Tissues were homogenized and total RNA/DNA extracted with Qiagen kits. The concentration and purity of DNA/RNA were assessed by a SimpliNano spectrophotometer (Biochrom), and RNA integrity was confirmed with an Agilent Bioanalyzer. RNA samples with an RNA integrity number (RIN) ≥6 were selected for transcriptomic analysis.

EBV Detection

Extracted DNA was tested for the presence and quantity of EBV load via the Argene EBV quantification kit (Biomérieux), according to the manufacturer’s instructions. Following the EBV detection, all patient samples were categorized as EBV-negative and EBV-positive.

Methylation-Specific Quantitative Polymerase Chain Reaction for Latent vs Lytic EBV

EBV-positive samples (Appendix Tables 1 and 2) underwent methylation-specific quantitative polymerase chain reaction (methyl-qPCR) to assess methylation levels, distinguishing latent and lytic states (Borde et al. 2022).

Transcriptome Microarrays

Sixteen tissue samples underwent transcriptomic analysis: 4 healthyEBV-negative (H_NEG), 4 healthy EBV-positive (H_EBV), 4 periodontitis EBV-negative (P_NEG), and 4 periodontitis EBV-positive (P_EBV). Briefly, RNA was transcribed to cDNA and labeled by the single-color Low Input Quick Amp Labeling Kit (Agilent). Labeled cRNA was hybridized onto SurePrint G3 Human Gene Expression (8 × 60 K) microarrays, with fluorescent signals detected by Agilent’s scanner. Data were analyzed with limma and normalized by the quantile method. Pathway analysis was conducted by Ingenuity Pathway Analysis (IPA; Qiagen; Fall Release 2022) software. The microarray data are deposited in the GEO database (GSE223328).
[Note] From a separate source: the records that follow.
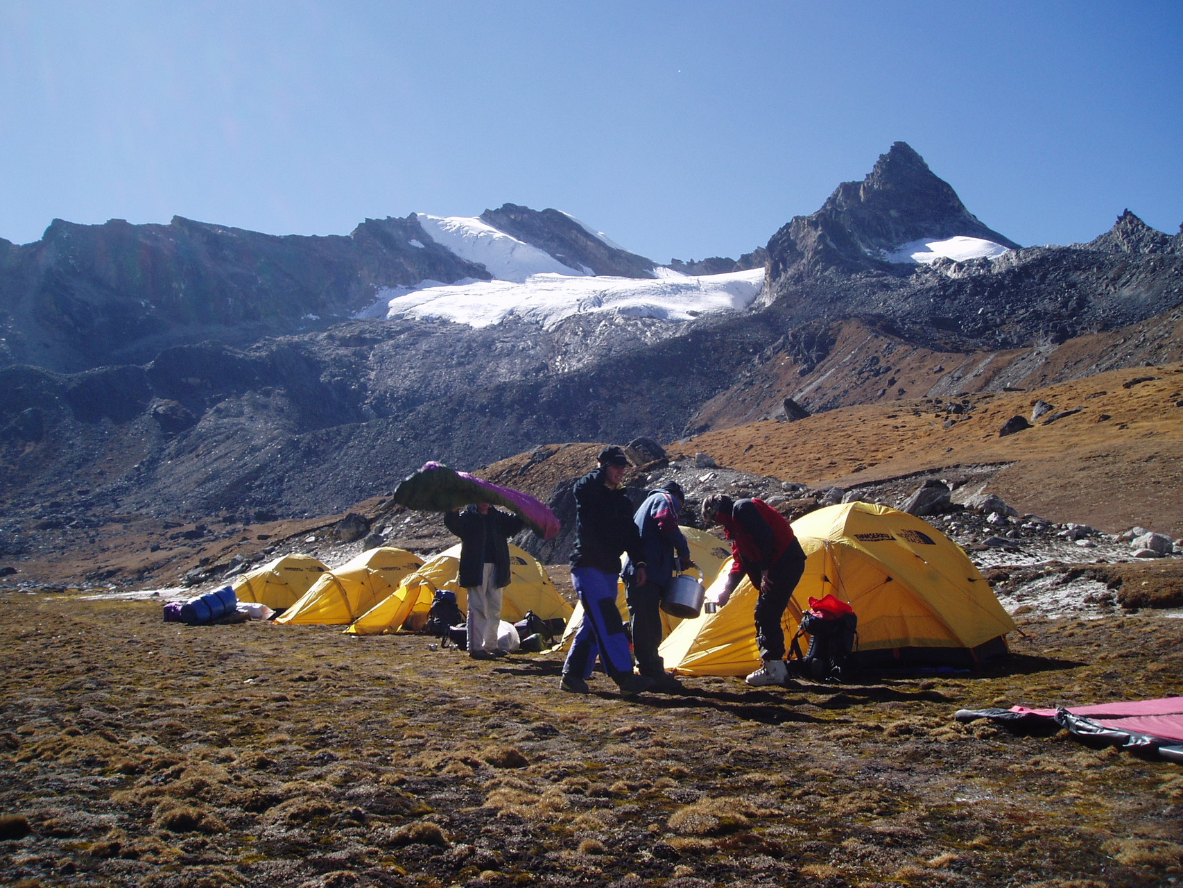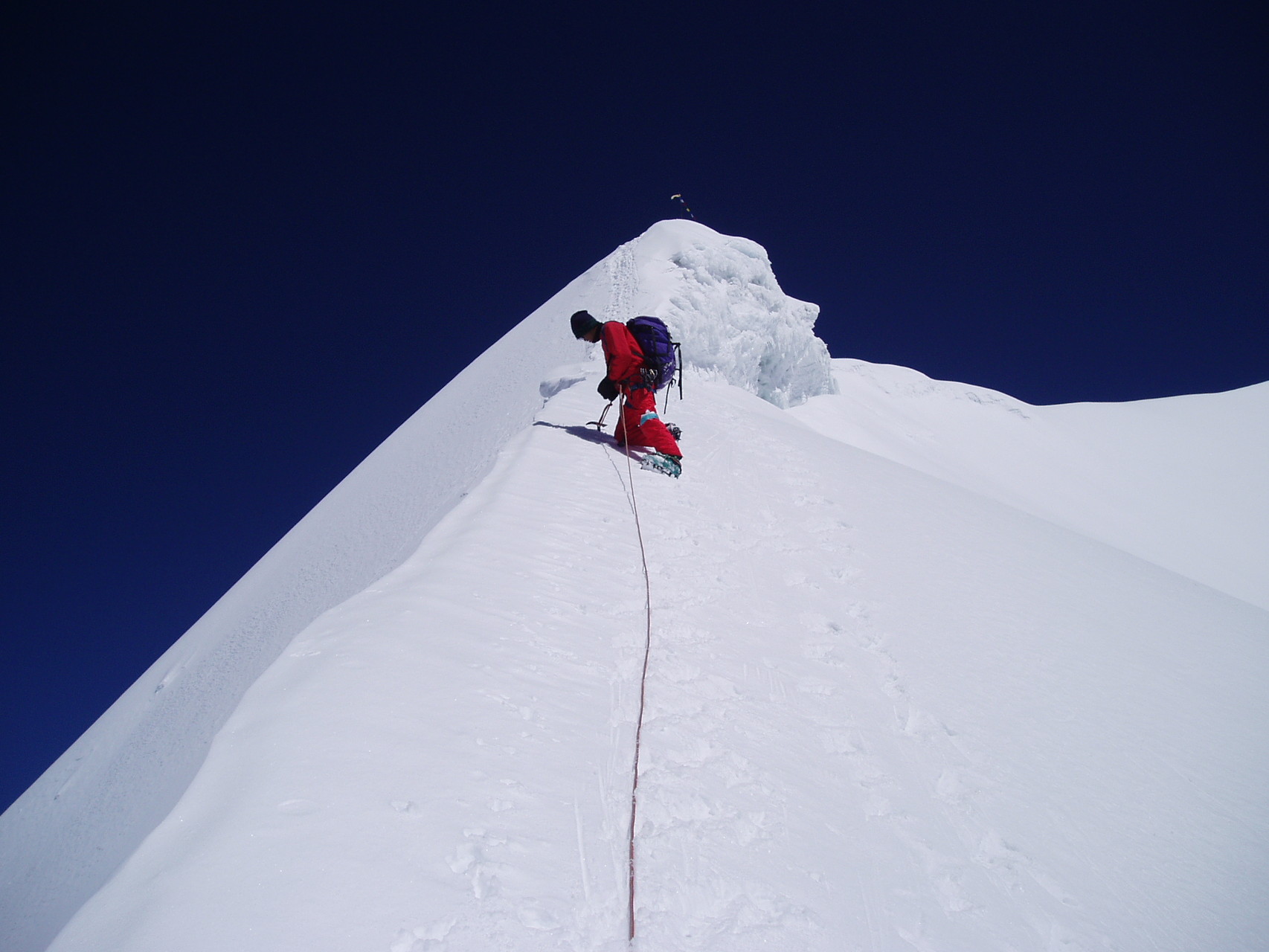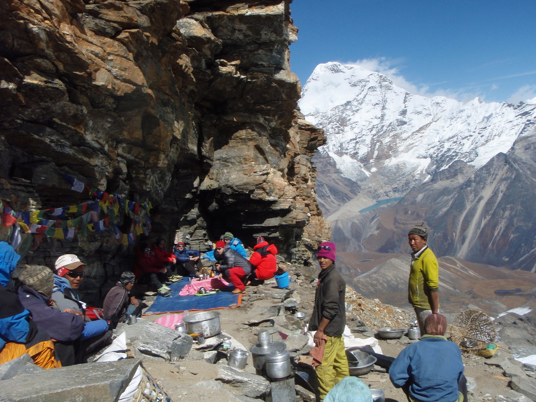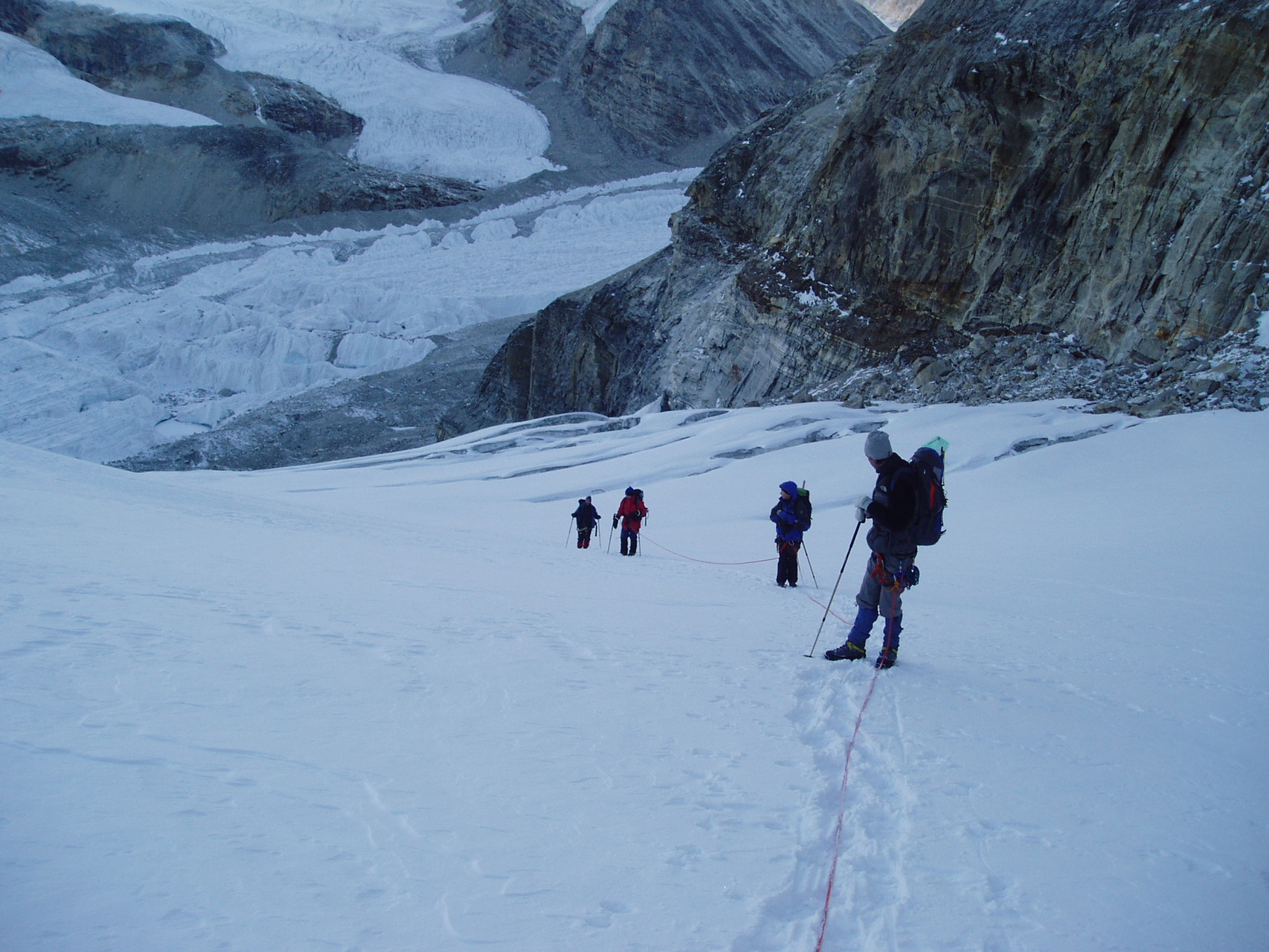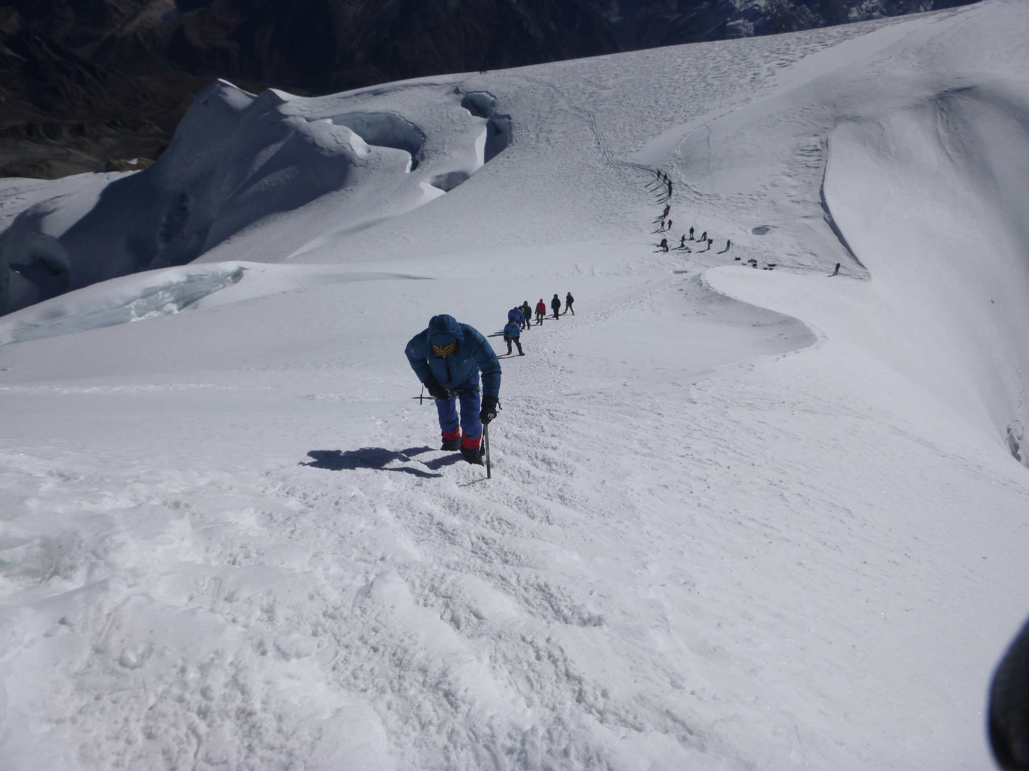 Während die Heimat der Sherpas, das Solo Khumbu, durch seine gute Erschlossenheit von Trekkern oft besucht wird, ist das Hinku-Hongu-Gebiet rund um den Mera Peak und den Kusum Kanguru noch sehr ursprünglich geblieben. Wenige Gruppen nehmen jährlich den teilweise beschwerlichen Anmarsch zu den Gipfeln des oberen Hinku-Tales auf sich. Wer aber einmal diese wilde Abgeschiedenheit kennengelernt hat, wird lange davon zehren können. Nach dem Überqueren des 4.600 m hohe Zatrawa La Pass ging es bis an das Ende des Hinku Tal zum Gipfel des Mera Peak Central, einem Aussichtspunkt mit spektakulärer Aussicht auf fünf Achttausender: den Cho Oyu im Nordwesten, Everest und Lhotse im Norden und Makalu sowie Kangchendzönga im Nordosten.
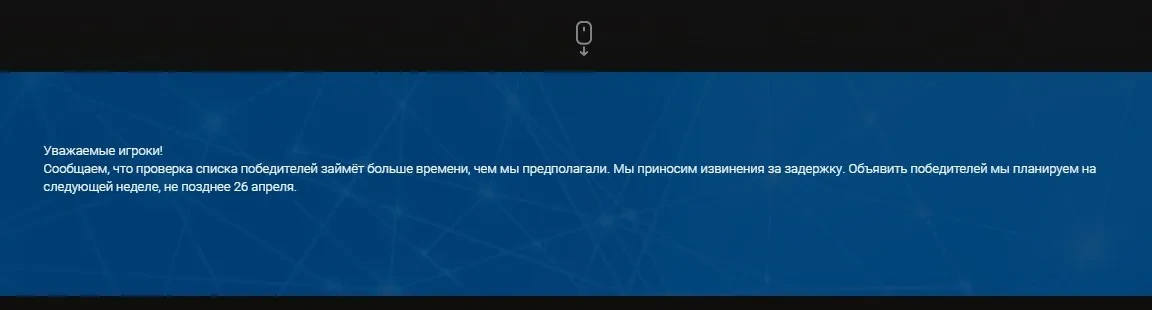 Сообщаем, что проверка списка победителей займёт больше времени, чем мы предполагали. Мы приносим извинения за задержку. Объявить победителей мы планируем на следующей неделе, не позднее 26 апреля.»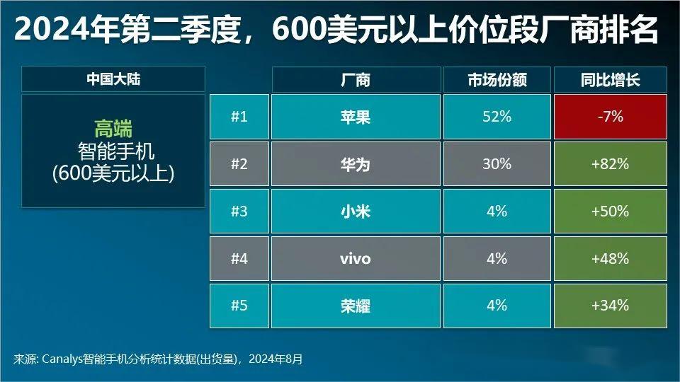 据Canalys数据显示,2024年第二季度,在中国大陆地区,虽然苹果在高端手机市场还是以52%的市场份额,位于第一,但却下跌了7%。而排在第二至第五的华为、小米、vivo和荣耀,则分别暴涨了82%、50%、48%和34%。也就是说,国产手机厂商正以集群力量逐步蚕食苹果占据的高端市场。

High-Throughput Microfluidics-Based Reverse Transcription–qPCR for Target Gene Validation

Sixteen samples from the microarray assay and 16 new independent samples (Appendix Table 1) were used to validate the transcriptomic microarray results. Selected genes were further analyzed by microfluidics-based reverse transcription–qPCR (RT-qPCR) technology on the Biomark system (Standard BioTools), following the manufacturer’s instructions and previously described methods (Fassy et al. 2021). Thirty-one genes related to tissue markers, 30 immune and inflammatory genes, 5 B-cell and 6 PC markers, and 2 reference genes (GAPDH and RPLP0) were selected to confirm the expression patterns observed with microarray.

Statistics

EBV prevalence percentage and 95% confidence intervals (CIs) were calculated via the Clopper-Pearson method. A chi-square (χ2) test assessed EBV’s association with periodontitis. Differences in viral loads were evaluated with a Mann-Whitney U test. Pearson correlation was used for expression correlation between microarray and RT-qPCR. Two-way analysis of variance (ANOVA) with a Tukey’s test analyzed gene expression differences between P_EBV and P_NEG, with normality assessed via a Kolmogorov-Smirnov test. P < 0.05 was considered statistically significant.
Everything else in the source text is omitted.